Sen. Tom Udall (D-N.M.) a friend of the Los Alamos and Sandia National Laboratories who has spent the last two decades on Capitol Hill, on Monday announced he will not run for reelection in 2020.
Udall is serving his second term in the Senate and will leave the body in January 2021. Since 2009, Udall has occupied the Senate seat once held by Peter Domenici: the Republican known by some of his nuclear constituents in New Mexico — whose interests in Washington he tended carefully — as St. Pete.
Before winning his Senate seat, Udall was the U.S. representative for New Mexico’s third district. He represented the district, which includes the Los alamos National Laboratory, from 1999 to 2009. Before the House, Udall was New Mexico’s attorney general from 1991 to 1999, during which time Congress passed the 1992 Land Withdrawal Act that created the nation’s only permanent, deep-underground transuranic waste disposal facility, the Waste Isolation Pilot Plant.

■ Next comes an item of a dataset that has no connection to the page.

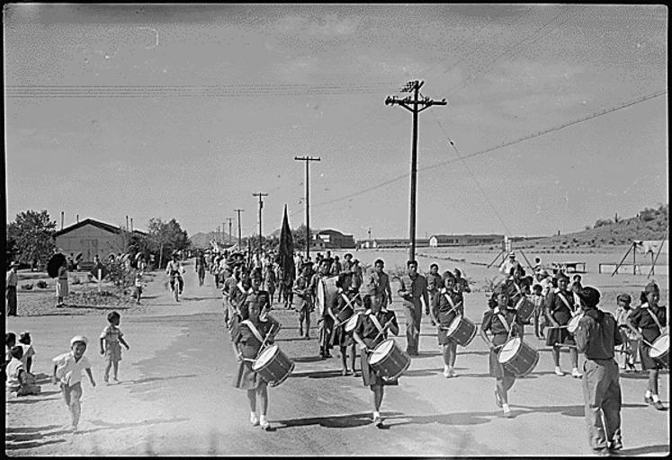 | Keywords: u.s. national archives usnationalarchives fourth of july fourthofjuly independence day independenceday nara:arcid=539573 japanese-american internment japaneseamericaninternment internment marching band marchingband japanese relocation holiday parade arizona war gila river relocation center gilariverrelocationcenter rivers, arizona riversarizona rivers girl scouts drum and bugle corps girlscoutsdrumandbuglecorps 4th of july parade 4thofjulyparade national holiday nationalholiday segregation war relocation authority warrelocationauthority world war ii worldwarii japanese-americans japaneseamericans children bands marching girl scouts girlscouts blackandwhite monochrome outdoor black and white Original Caption: Gila River Relocation Center, Rivers, Arizona. Girl Scouts Drum and Bugle Corp. participate in the 4th of July parade.  U.S. National Archives’ Local Identifier:  210-G-G717  From:: Central Photographic File of the War Relocation Authority, compiled 1942 - 1945  Created By:: Department of the Interior. War Relocation Authority. (02/16/1944 - 06/30/1946)  Production Date: 07/04/1944  Persistent URL:  arcweb.archives.gov/arc/action/ExternalIdSearch?id=539573  Repository:  Still Picture Records Section, National Archives at College Park (College Park, MD)  For information about ordering reproductions of photographs held by the Still Picture Unit, visit: www.archives.gov/research/order/still-pictures.html  Reproductions may be ordered via an independent vendor. NARA maintains a list of vendors at www.archives.gov/research/order/vendors-photos-maps-dc.html       Access Restrictions: Unrestricted Use Restrictions: Unrestricted  Original Caption: Gila River Relocation Center, Rivers, Arizona. Girl Scouts Drum and Bugle Corp. participate in the 4th of July parade.  U.S. National Archives’ Local Identifier:  210-G-G717  From:: Central Photographic File of the War Relocation Authority, compiled 1942 - 1945  Created By:: Department of the Interior. War Relocation Authority. (02/16/1944 - 06/30/1946)  Production Date: 07/04/1944  Persistent URL:  arcweb.archives.gov/arc/action/ExternalIdSearch?id=539573  Repository:  Still Picture Records Section, National Archives at College Park (College Park, MD)  For information about ordering reproductions of photographs held by the Still Picture Unit, visit: www.archives.gov/research/order/still-pictures.html  Reproductions may be ordered via an independent vendor. NARA maintains a list of vendors at www.archives.gov/research/order/vendors-photos-maps-dc.html       Access Restrictions: Unrestricted Use Restrictions: Unrestricted   |

In his second, and now to be final, Senate term, Udall pushed back against the DoE National Nuclear Security Administration’s (NNSA) plans to move part of the agency’s capacity to produce fissile nuclear-weapon cores called plutonium pits away from Los Alamos.
“There is only one place in the U.S. with the technical know-how to do [pits], and that is Los Alamos National Laboratory,” Udall told Energy Secretary Rick Perry and NNSA Administrator Lisa Gordon-Hagerty in a budget hearing last year.
Udall has objected to NNSA’s plans to build a pit plant at the Savannah River Site in Aiken, S.C., saying the agency is ignoring an upgrade previously planned at Los Alamos capable of stamping out the 80 pits a year the Trump administration wants NNSA to produce by 2030.
Udall has also stuck up for the independence of the Defense Nuclear Facilities Safety Board: the federal health-and-safety watchdog for active and former DoE nuclear weapons sites. In a September letter co-signed by his colleague, Sen. Martin Heinrich (D-N.M.), Udall asked DoE to reconsider the rule it published last year that curtails some agency interactions with the defense board, and which the board feared could limit its access to active and former weapon sites.